Сварилось мясо, и Алёшкина мать разложила куски по тарелкам, расставила их у головы и ног Некочи. Раздала и всем сидящим у костра по тарелке бульона. Бульон пробовали и остатки выливали на землю вокруг гроба.

Себеруй угощал тех, кто пришёл встречать умершую в подземном стойбище. Он машинально сыпал табак, брал мясо, а сердце ныло, горело. Старик смотрел на костёр, на пылающие головёшки: ему казалось, что это его жизнь выпала из рук доброго Идола и теперь обугливается, шипит.

«Доченька... Жена... Их нет». Голоса людей привели его в себя, и он долго смотрел запавшими глазами на сидящих у костра, стараясь понять смысл слов.

Пасса внимательно следил за ним.

«То, что случилось, словами не объяснишь. Да, этот день поистине чёрен в своей черноте. И дай, Идол жизни, силу Себерую, чтобы он вынес этот день», — так думал Пасса, ухаживая за другом. Думал он и о Тэмуйко, любимом олене Некочи. Алёшка сказал, что оленей не было, они разбежались, почуяв волка. Но что стало с Тэмуйко?

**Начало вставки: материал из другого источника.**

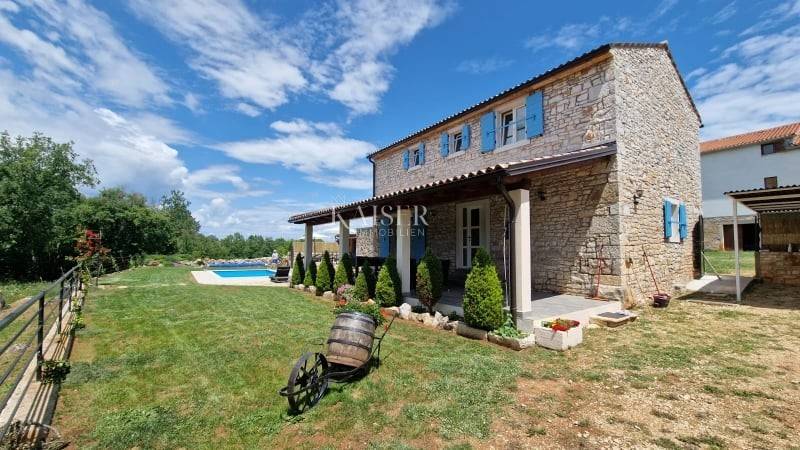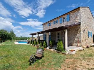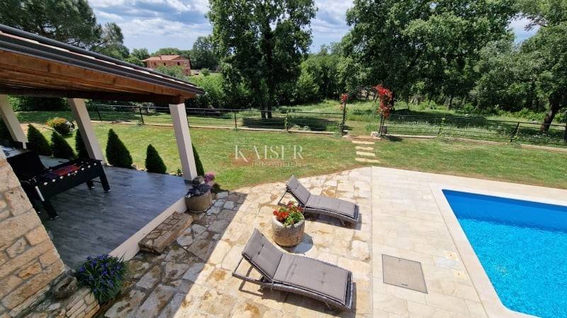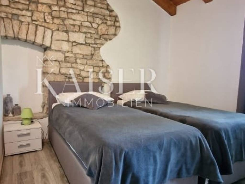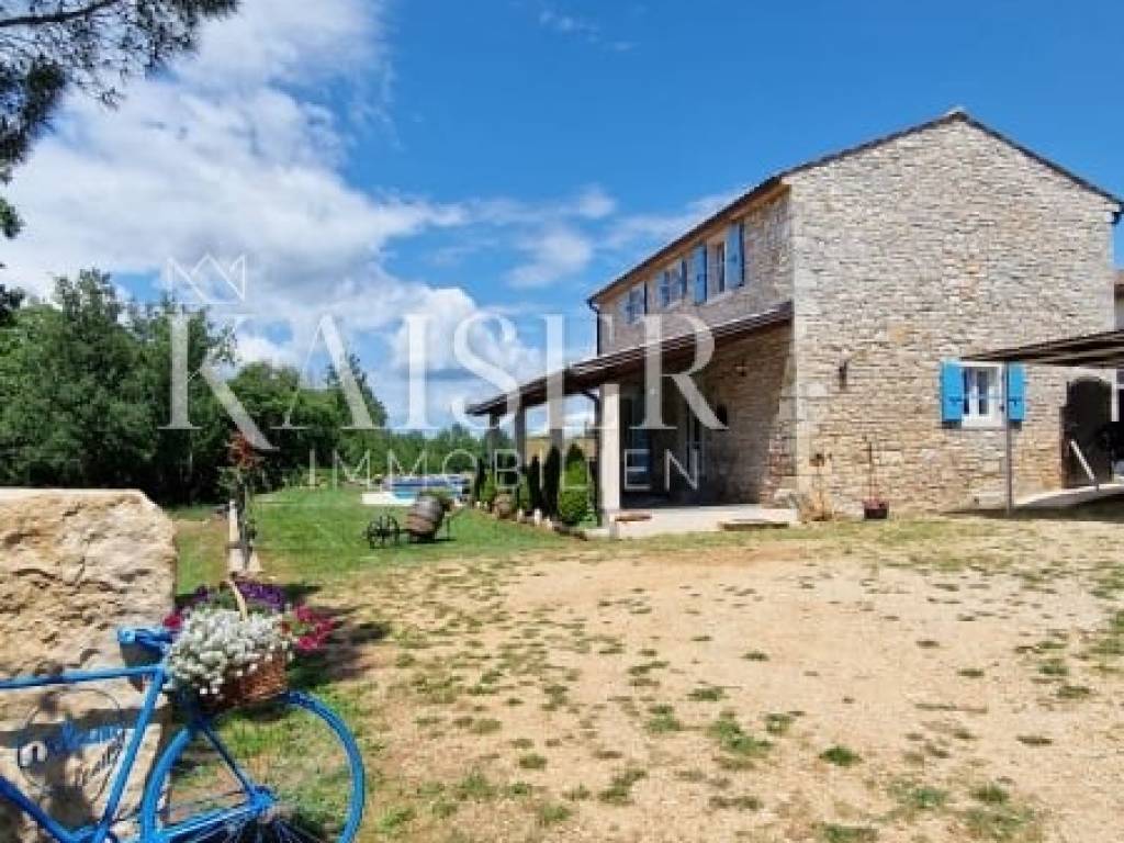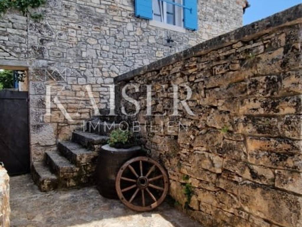 Kaiser Immobilien presents a beautiful Istrian autochthonous stone house, on the edge of a small Istrian village with its property in nature. The house is spread over a property of 7000 m2. The house was built in the traditional Istrian style with the addition of modern elements. It is located on its own unique plot, which is connected to a large estate in the form of a forest, a promenade, a meadow, hilly and flat terrain. As such, the property offers various possibilities of use for sports purposes, agricultural cultivation or simply just enjoying pure, untouched nature. Complete privacy of enjoyment is offered. The house consists of a ground floor and an upper floor, on the ground floor there is a kitchen, dining room and living room, while on the upper floor there are 3 bedrooms and a large bathroom. Decorated with a combination of modern and traditional. The exterior of the house is decorated with large stone terraces, and another covered terrace with an outdoor kitchen and barbecue is attached to more than one side of the house. Necessary amenities such as shops, post office, school, kindergarten, pharmacy, pizzeria, restaurant, coffee bar are only about 2 km from the property. In this case of sale, there are two possibilities of sale. Namely, the property consists of 12 plots and a house, the seller offers for 730,000.00 Euro a house with agricultural plots that make up a property of 7000 m2, or the whole property, and that's it. house with a property of approx. 9000m2, one part of which is for construction, and they contain two more legalized buildings that can be built, the whole would amount to 940,000.00 Euros. In addition to the house, there are 2 more legalized buildings on the property, namely another house that is habitable, with all the elements, however, adaptation is needed, and another demolished building, however, legalized for construction. Therefore, the property offers different housing options. If you see yourself in one of these two housing combinations on this property and want this property to become your new home, contact the Kaiser Immobilien agency. The commission of the agency for the buyer is 3% + VAT and is paid in case of real estate purchase, when the first legal deed is concluded.

Солнце садилось. Надо завершать обряд, пока на землю идут лучи жизни. Потом людей здесь не должно быть; придёт время других, тех, кто не провожает, а встречает покойников.

Пасса с Алёшкой выбрали место, где поставят гроб. Снег ещё глубокий. Придётся пока вбить ножки в снег, а весной сделать всё как полагается.

Алёшка приготовил гвозди, чтобы забить крышку, и вдруг застыл: Себеруй смотрел на него так, что ему захотелось бросить молоток и бежать отсюда.

Долго держался Себеруй. Мужественно вёл себя и вчера, и сегодня. И когда тела любимых людей положил в холодный ящик, и когда ночью караулил их вечный сон.

А сейчас схватился за голову: «Один-одинёшенек...»

Человек понимает это остро лишь тогда, когда действительно остаётся один. Сирота среди людей — как пень среди густого леса.

— Я один, — прошептал Себеруй, и сказанное прозвучало настолько ясно и глубоко, ясно до обнажённого режущего страха, что он вздрогнул и только сейчас по-настоящему понял, что случилось непоправимое.

Умерли жена и дочь. Значит, нет ни прошлого, ни буду-

щего. Если у человека нет будущего, он опирается на прошлое и этим живёт. И вдруг темно и впереди, и сзади. Как и для чего жить дальше?

Последний луч солнца ещё прощался с землёй, когда всё было закончено.

Люди тушили костёр, негромко повторяя хором:

— Мать Анико, не обижайся, это не мы тушим огонь, а снежный буран.

Алёшка вдруг подтолкнул Пассу:

— Смотри!

Пасса вздрогнул. В лучах уходящего солнца, гордо неся голову, шёл олень. Тэмуйко!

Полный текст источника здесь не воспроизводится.